(Items from a data source)
**********

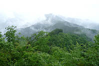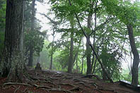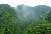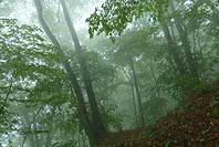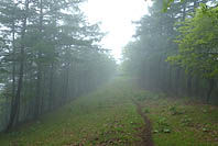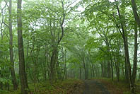 | 鶴峠登山口周辺:緑深い | 奈良倉山頂:濃い霧に包まれる | 松姫峠周辺の林道 | 北面巻き道:霧に煙る緑 | |
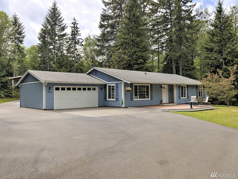Living is easy in this impressive home nestled in the trees to create the ultimate privacy. This property has everything you are looking for; large deck, immaculate park-like setting, low maintenance landscaping, paved driveway, covered back patio, large shop, and RV storage. Enjoy gatherings inside this open concept layout. The floor plan encompasses 3 spacious bedrooms with plenty of room for study, sleep, and storage with 2 full bathrooms. You will feel at home in the well cared for property.
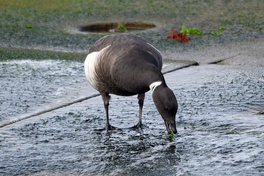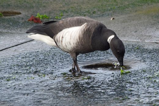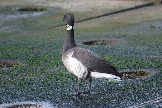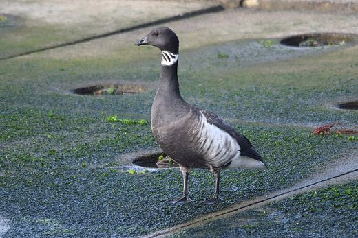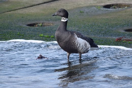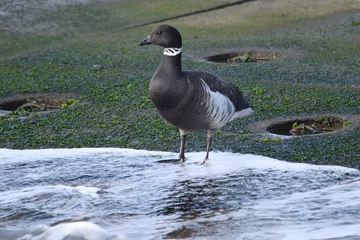 スズガモやオオバンが泳ぎ回る中に1羽だけコクガンが見られました。年末に初見初撮りの野鳥がまた一つ増えま
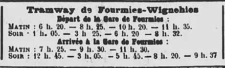 - « [Tramway de Fourmies à Wignehies] », Journal de Fourmies, no 568, , p. 2 (lire en ligne)
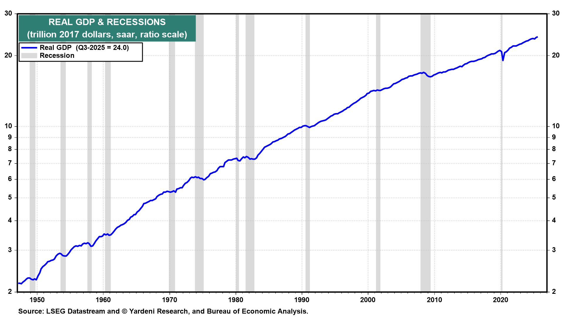 Strategy: Ten Straight Quarters of Earnings Growth! Here we are in “confession season,” and you can hear a pin drop. Typically, this is the time that managements warn the Street that analysts’ estimates are too high, and down they come. Not this time. Having over-cut estimates when management guidance was absent during Trump’s Tariff Turmoil, analysts have been finetuning their estimates higher in recent quarters—that’s why Q2 and Q3 earnings warnings likewise were sparse. Might this be setting the stage for yet another epic earnings surprise in Q4?
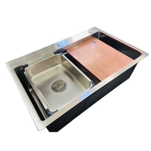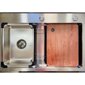 Cuba Inox Gourmet Cozinha Sobrepor Ou Embutir 63x35x21cm. (com abas 68x45CM.) Produto de alto padrão, com chapa de aço inox muito espessa, grande profundidade aumentando a capacidade interna, mais praticidade no dia a dia.Moderno acabamento acetinado, mesmo que fosco com pouco brilho, o acetinado é menos vulnerável a riscos, o que garante uma alta durabilidade.Itens e acessórios que acompanham a cuba:- Válvula de 4.1/2" luxo- Tabua Madeira 25x34,5CM.- Escorredor 25x34,5CM. Informações Técnicas:-Acabamento Acetinado-Aço inox AISI 304-Possui "anti-ruído" (reduz o barulho causado pela queda da água na cuba).
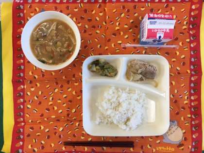 豚肉のしょうが焼き、さつまいものみそ汁、きくなとはくさいのごまあえ、ご飯、牛乳
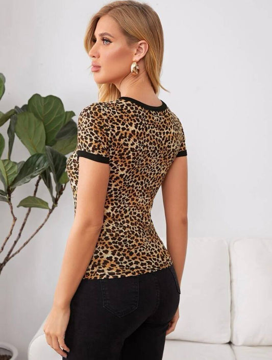Keyhole Back Halter Top, Leopard Tieneck Tops
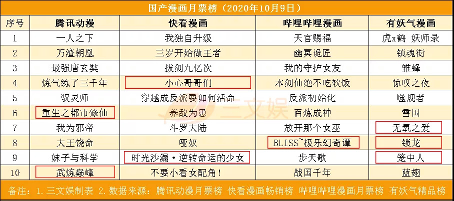 腾讯动漫方面,《一人之下》由上周的榜单第七名登顶榜首,本周收获月票数2.59万张。另外,本周有2部新晋榜单作品,分别是《重生之都市修仙》、《武炼巅峰》。
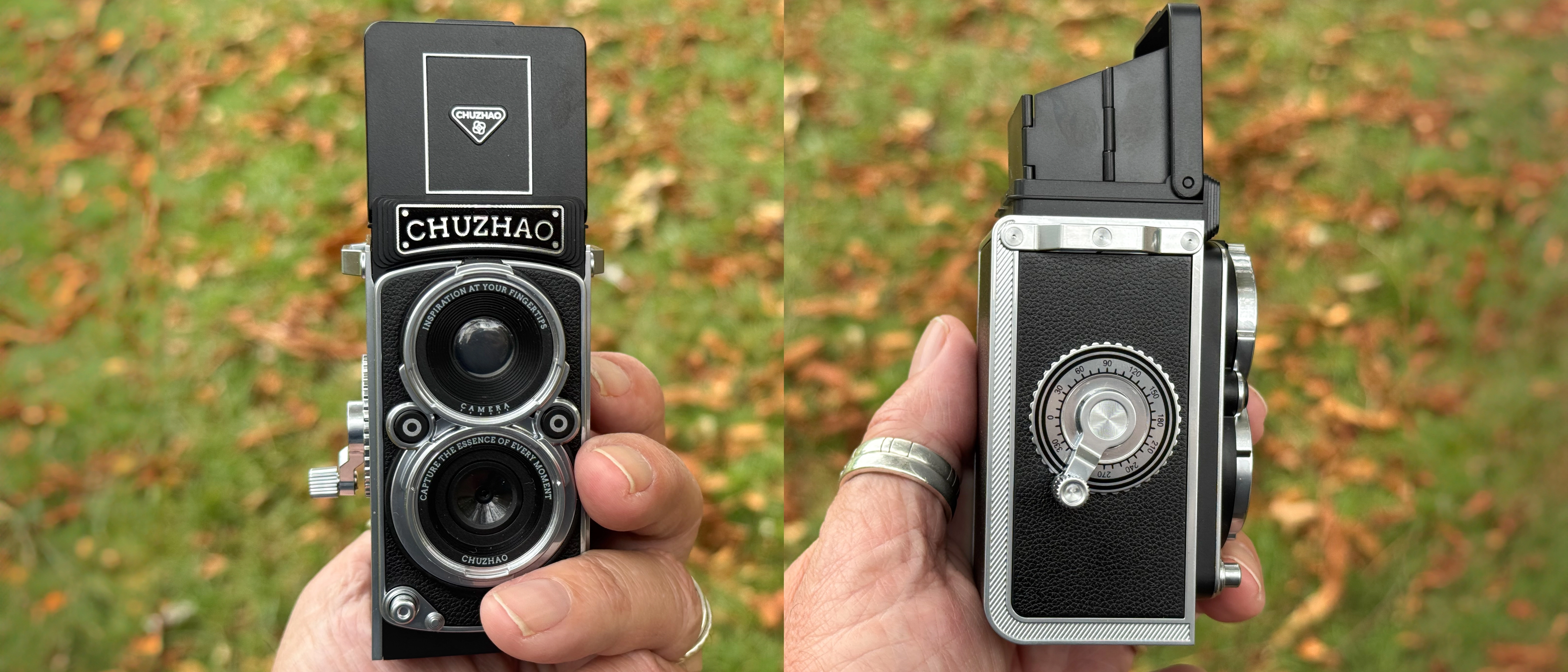 The Chuzhao sells consistently at under $50 / £40, and offers for significantly less. Calling this a toy is a bit disingenuous – it is a full-working scale model of a twin-lens reflex camera (a type of medium-format film camera that was popular with working pros in the 1950s and 60s). As such, I think of this as an executive toy – the sort of object you leave on your desk or bookshelf, for people to admire and play with.
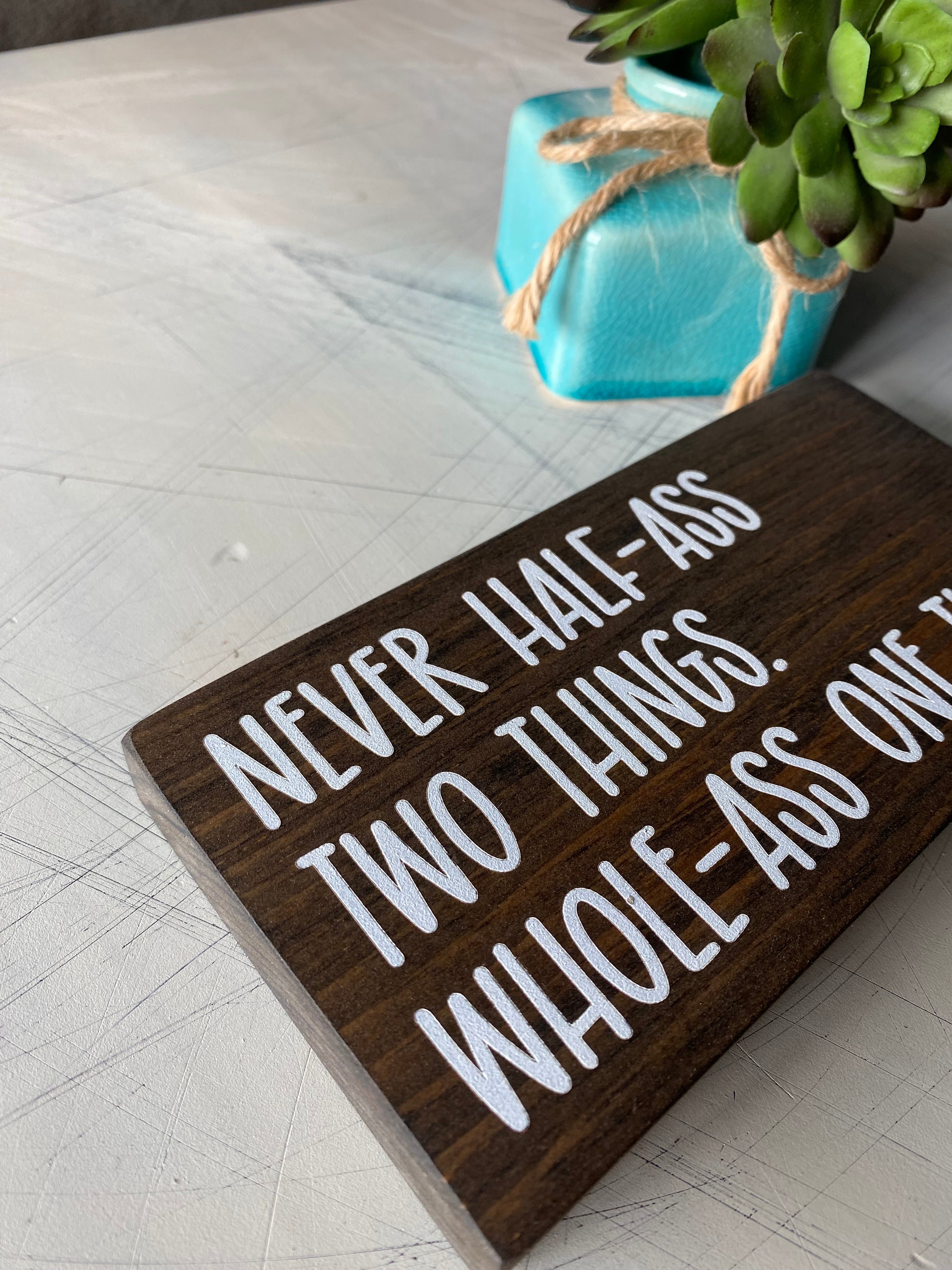 This handmade wood sign is the perfect reminder of Ron Swanson's sage advice: "never half-ass two things - whole-ass one thing!" Display it and never forget to give your best.
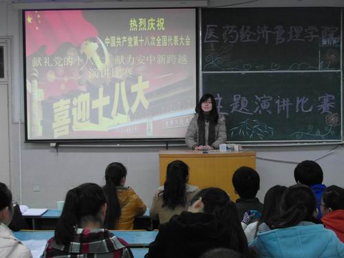 为更加深入的学习党的十八大精神,丰富大学生课余生活。经管学院于12月3日晚举办了“献礼党的十八大 献力安中新跨越”主题演讲比赛。 该院各班级同学们积极报名,踊跃参与,对此次比赛投以极高的热...
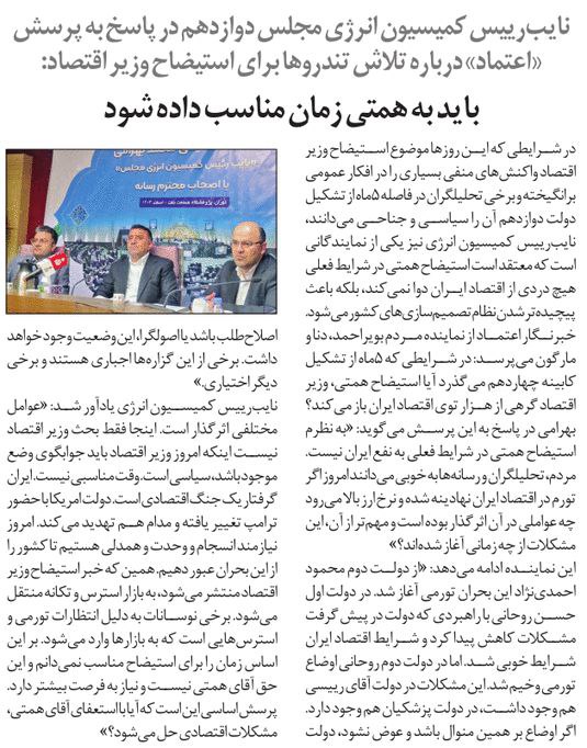 روزنامهٔ اعتماد: باید به همتی زمان مناسب داده شود
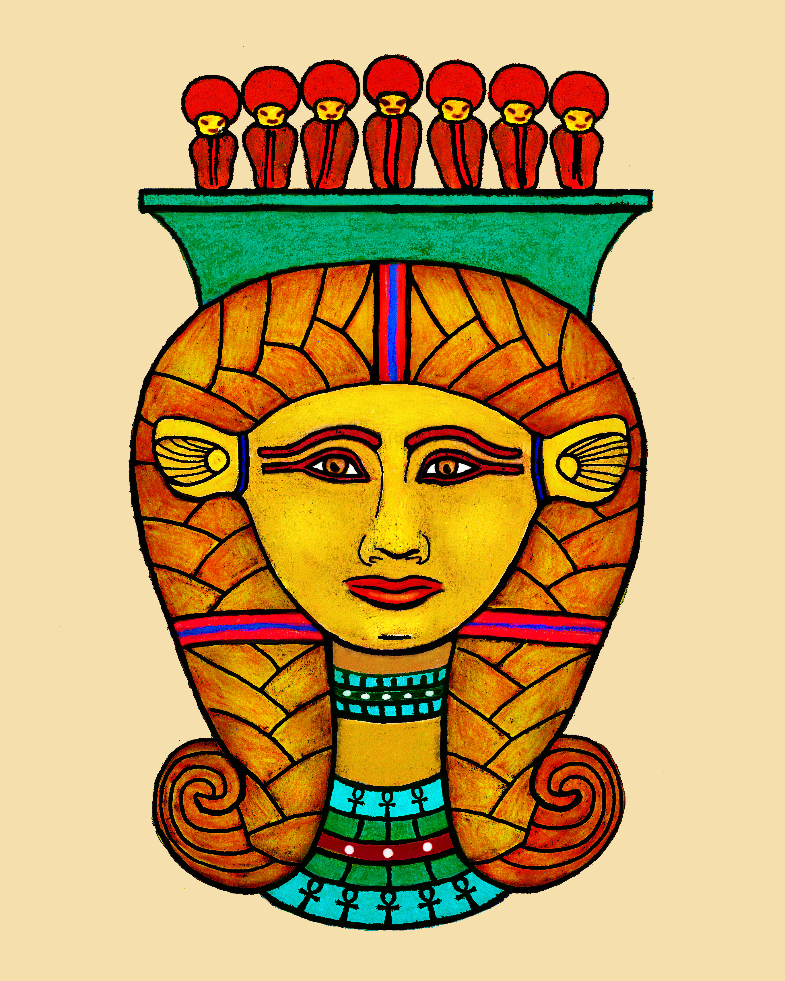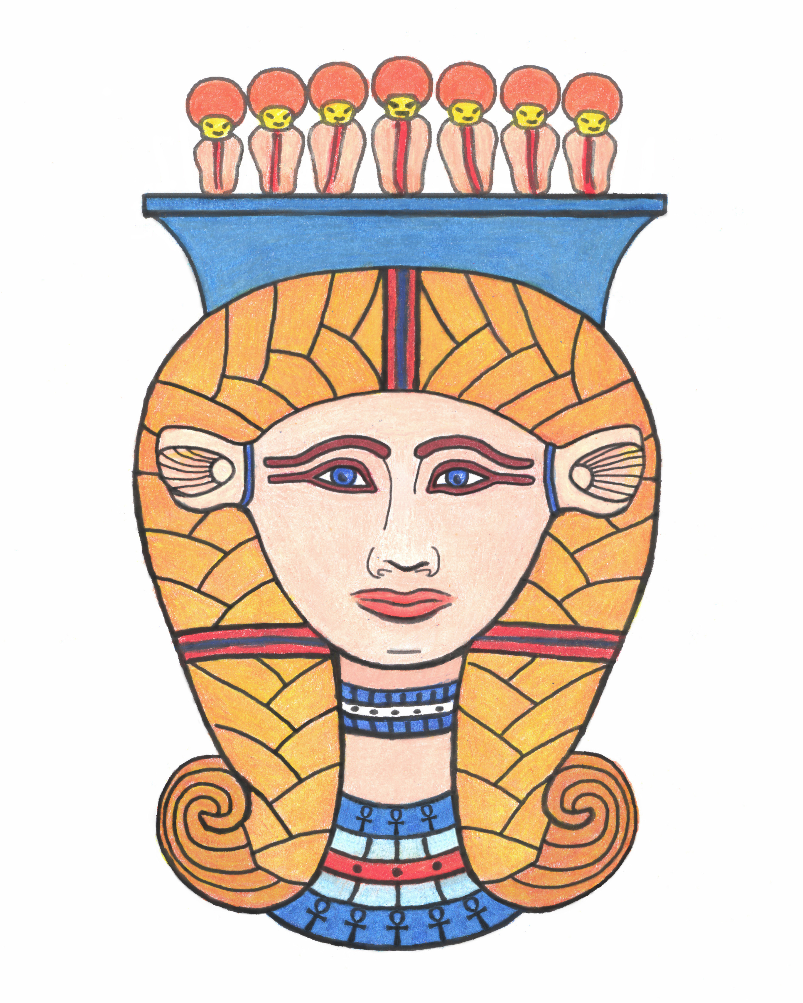 ![]() Arjunalistened's photo was most consulted as it is directly head on and has good detail. The capital at the Nicholson museum might not have had a row of uraei, the break is a very clean one. But the other three show seven uraei from the front view and the Louvre example shows five uraei from the side view, along with a papyrus scepter at the center and two crowned uraei on each side of the scepter, such that these two show from the front view. I opted not to include these side uraei in my trace. It's uncertain if the capital at the Nicholson museum had them originally. The curving side lines probably represent the curved lines in the sistrum as in Nebnefer's block. I kept the little hints of sistrum curve in this art piece. I evened up some of the original's irregularities, and hand drew some further decoration. That hand drawing had to be digitally fixed, too. From this version, I was able to print, when I then colored. Later I digitally fixed her eyes and mouth to have more of a smiling appearance. As I was working to refine this further, Julia reminded me that the upside down ankhs might have unpleasant symbolism. So I made them all upright in the colored version.

**********

§ What the task requires: With the images omitted, repeat all the data word for word.

§ Answer to this task:
 | 鶴峠登山口周辺:緑深い | 奈良倉山頂:濃い霧に包まれる | 松姫峠周辺の林道 | 北面巻き道:霧に煙る緑 | |
Living is easy in this impressive home nestled in the trees to create the ultimate privacy. This property has everything you are looking for; large deck, immaculate park-like setting, low maintenance landscaping, paved driveway, covered back patio, large shop, and RV storage. Enjoy gatherings inside this open concept layout. The floor plan encompasses 3 spacious bedrooms with plenty of room for study, sleep, and storage with 2 full bathrooms. You will feel at home in the well cared for property.
 スズガモやオオバンが泳ぎ回る中に1羽だけコクガンが見られました。年末に初見初撮りの野鳥がまた一つ増えま
 - « [Tramway de Fourmies à Wignehies] », Journal de Fourmies, no 568, , p. 2 (lire en ligne)
 Strategy: Ten Straight Quarters of Earnings Growth! Here we are in “confession season,” and you can hear a pin drop. Typically, this is the time that managements warn the Street that analysts’ estimates are too high, and down they come. Not this time. Having over-cut estimates when management guidance was absent during Trump’s Tariff Turmoil, analysts have been finetuning their estimates higher in recent quarters—that’s why Q2 and Q3 earnings warnings likewise were sparse. Might this be setting the stage for yet another epic earnings surprise in Q4?
 Cuba Inox Gourmet Cozinha Sobrepor Ou Embutir 63x35x21cm. (com abas 68x45CM.) Produto de alto padrão, com chapa de aço inox muito espessa, grande profundidade aumentando a capacidade interna, mais praticidade no dia a dia.Moderno acabamento acetinado, mesmo que fosco com pouco brilho, o acetinado é menos vulnerável a riscos, o que garante uma alta durabilidade.Itens e acessórios que acompanham a cuba:- Válvula de 4.1/2" luxo- Tabua Madeira 25x34,5CM.- Escorredor 25x34,5CM. Informações Técnicas:-Acabamento Acetinado-Aço inox AISI 304-Possui "anti-ruído" (reduz o barulho causado pela queda da água na cuba).
 豚肉のしょうが焼き、さつまいものみそ汁、きくなとはくさいのごまあえ、ご飯、牛乳
Keyhole Back Halter Top, Leopard Tieneck Tops
 腾讯动漫方面,《一人之下》由上周的榜单第七名登顶榜首,本周收获月票数2.59万张。另外,本周有2部新晋榜单作品,分别是《重生之都市修仙》、《武炼巅峰》。
 The Chuzhao sells consistently at under $50 / £40, and offers for significantly less. Calling this a toy is a bit disingenuous – it is a full-working scale model of a twin-lens reflex camera (a type of medium-format film camera that was popular with working pros in the 1950s and 60s). As such, I think of this as an executive toy – the sort of object you leave on your desk or bookshelf, for people to admire and play with.
 This handmade wood sign is the perfect reminder of Ron Swanson's sage advice: "never half-ass two things - whole-ass one thing!" Display it and never forget to give your best.
 为更加深入的学习党的十八大精神,丰富大学生课余生活。经管学院于12月3日晚举办了“献礼党的十八大 献力安中新跨越”主题演讲比赛。 该院各班级同学们积极报名,踊跃参与,对此次比赛投以极高的热...
 روزنامهٔ اعتماد: باید به همتی زمان مناسب داده شود
 ![]() Arjunalistened's photo was most consulted as it is directly head on and has good detail. The capital at the Nicholson museum might not have had a row of uraei, the break is a very clean one. But the other three show seven uraei from the front view and the Louvre example shows five uraei from the side view, along with a papyrus scepter at the center and two crowned uraei on each side of the scepter, such that these two show from the front view. I opted not to include these side uraei in my trace. It's uncertain if the capital at the Nicholson museum had them originally. The curving side lines probably represent the curved lines in the sistrum as in Nebnefer's block. I kept the little hints of sistrum curve in this art piece. I evened up some of the original's irregularities, and hand drew some further decoration. That hand drawing had to be digitally fixed, too. From this version, I was able to print, when I then colored. Later I digitally fixed her eyes and mouth to have more of a smiling appearance. As I was working to refine this further, Julia reminded me that the upside down ankhs might have unpleasant symbolism. So I made them all upright in the colored version.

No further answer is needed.